--- Data extracts Enclosed Below ---

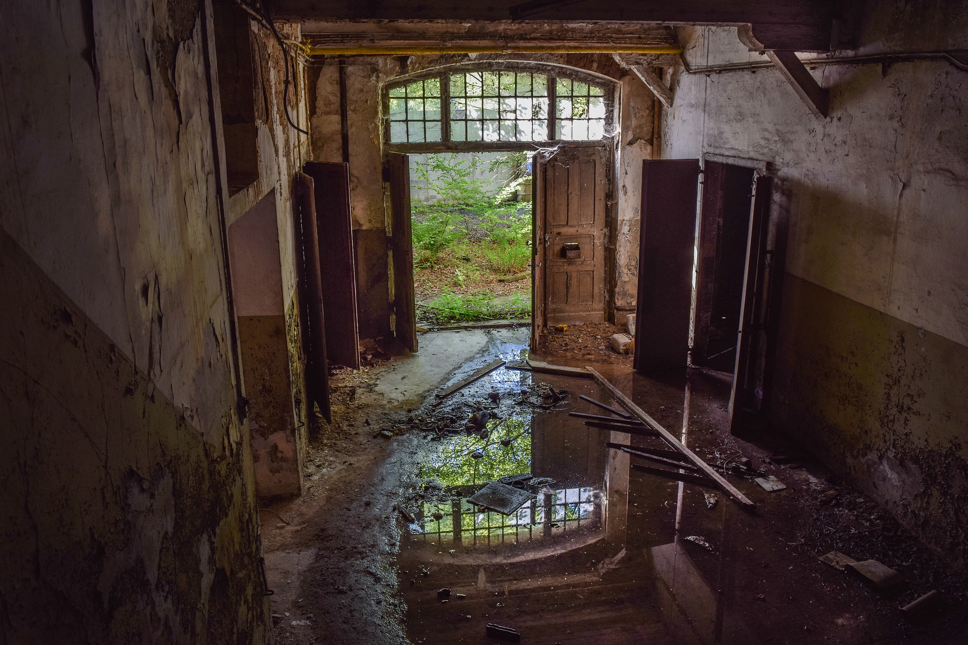Abandoned interior in Gdańsk with peeling walls, open door to overgrown yard, puddles reflecting window light and scattered debris Gdańsk is one of Europe's most unusual haunted cities because its ghosts are relatively recent. When the Soviet army took Gdańsk in March 1945, the city was almost destroyed. Approximately 90 percent of the historic centre was reduced to rubble, according to Polish historical records. The reconstruction that followed was extraordinary: the entire Old Town was rebuilt brick by brick from old photographs and drawings to look as it had before the war.
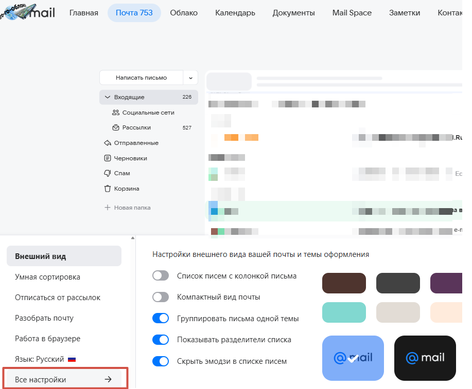 - Перейдите в настройки почтового ящика Яндекс
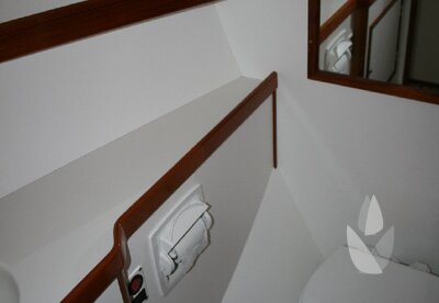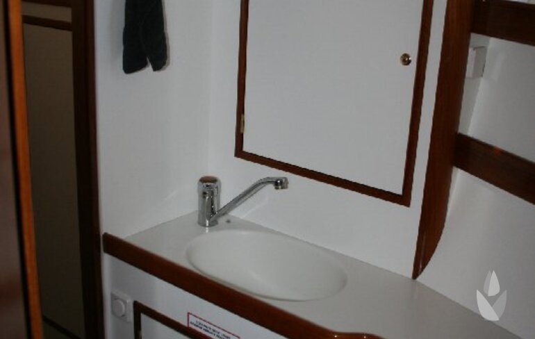 CabinsOwners cabin with french berth (sprung slats), V-berth in forward cabin and 2 bunk berths on sb side
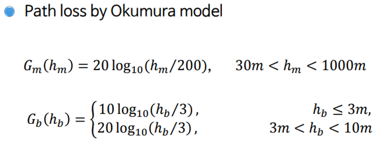 Okumura model에서는 Mobile (Rx) antenna의 높이에 따른 이득 $G_m(h_m)$과 Base station (Tx) antenna의 높이에 따른 이득 $G_b(h_b)$를 위와 같이 정의한다.
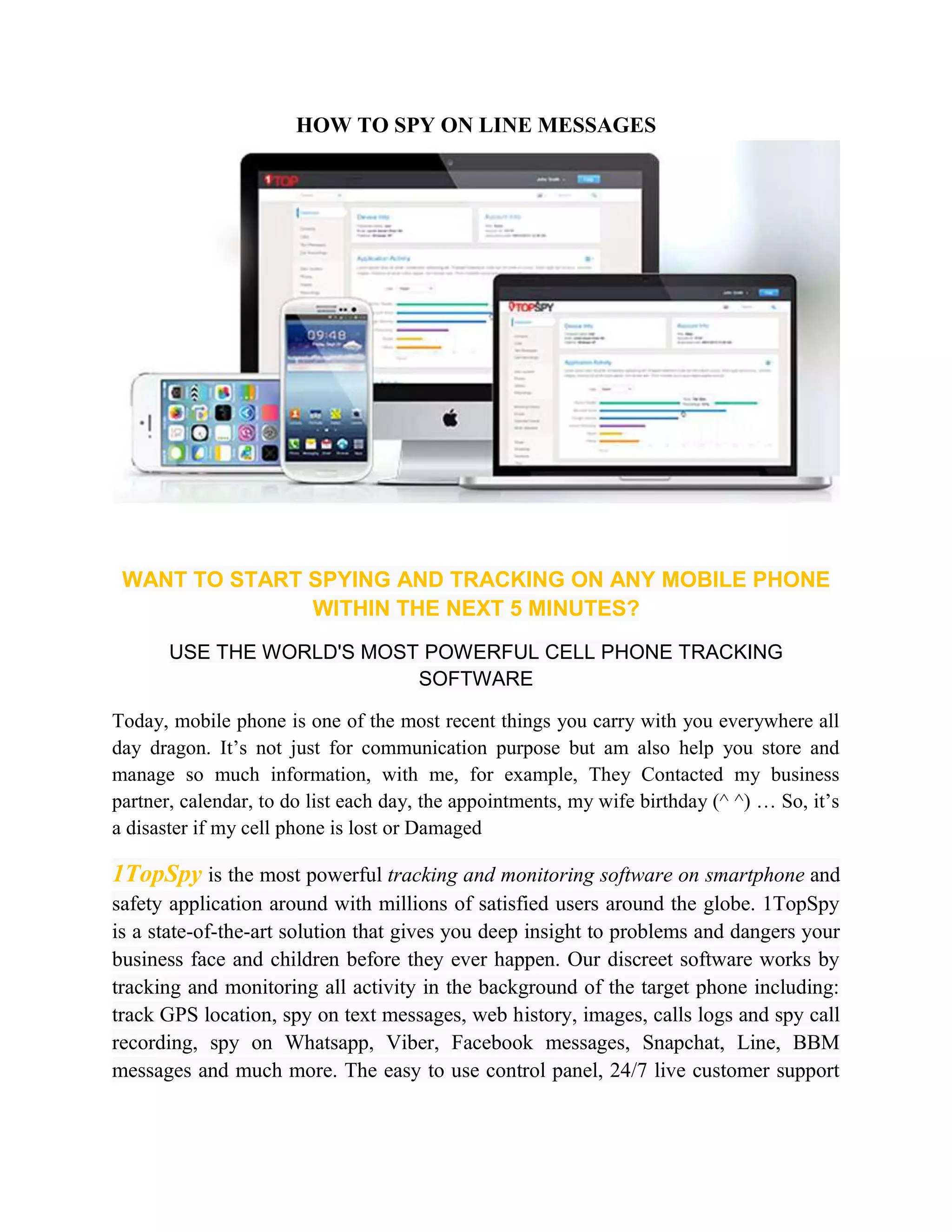 This document describes how to use 1TopSpy software to spy on mobile phones within 5 minutes. 1TopSpy is presented as powerful tracking and monitoring software that can track GPS location, read messages on apps like WhatsApp, Facebook, Line and SMS texts, see call history and recordings, internet browsing history, and photos without the target phone being rooted. The document provides instructions on downloading and installing 1TopSpy on the target phone, then logging into the 1TopSpy website to begin monitoring. Customer testimonials praise 1TopSpy for helping worried parents and keeping track of corporate employee activity.

--- End of Enclosed Data extracts ---

- Exercise objective:
Only the text of the entries belongs in the answer, copied exactly; the pictures stay out.

- Task answer:
Abandoned interior in Gdańsk with peeling walls, open door to overgrown yard, puddles reflecting window light and scattered debris Gdańsk is one of Europe's most unusual haunted cities because its ghosts are relatively recent. When the Soviet army took Gdańsk in March 1945, the city was almost destroyed. Approximately 90 percent of the historic centre was reduced to rubble, according to Polish historical records. The reconstruction that followed was extraordinary: the entire Old Town was rebuilt brick by brick from old photographs and drawings to look as it had before the war.
 - Перейдите в настройки почтового ящика Яндекс
 CabinsOwners cabin with french berth (sprung slats), V-berth in forward cabin and 2 bunk berths on sb side
 Okumura model에서는 Mobile (Rx) antenna의 높이에 따른 이득 $G_m(h_m)$과 Base station (Tx) antenna의 높이에 따른 이득 $G_b(h_b)$를 위와 같이 정의한다.
 This document describes how to use 1TopSpy software to spy on mobile phones within 5 minutes. 1TopSpy is presented as powerful tracking and monitoring software that can track GPS location, read messages on apps like WhatsApp, Facebook, Line and SMS texts, see call history and recordings, internet browsing history, and photos without the target phone being rooted. The document provides instructions on downloading and installing 1TopSpy on the target phone, then logging into the 1TopSpy website to begin monitoring. Customer testimonials praise 1TopSpy for helping worried parents and keeping track of corporate employee activity.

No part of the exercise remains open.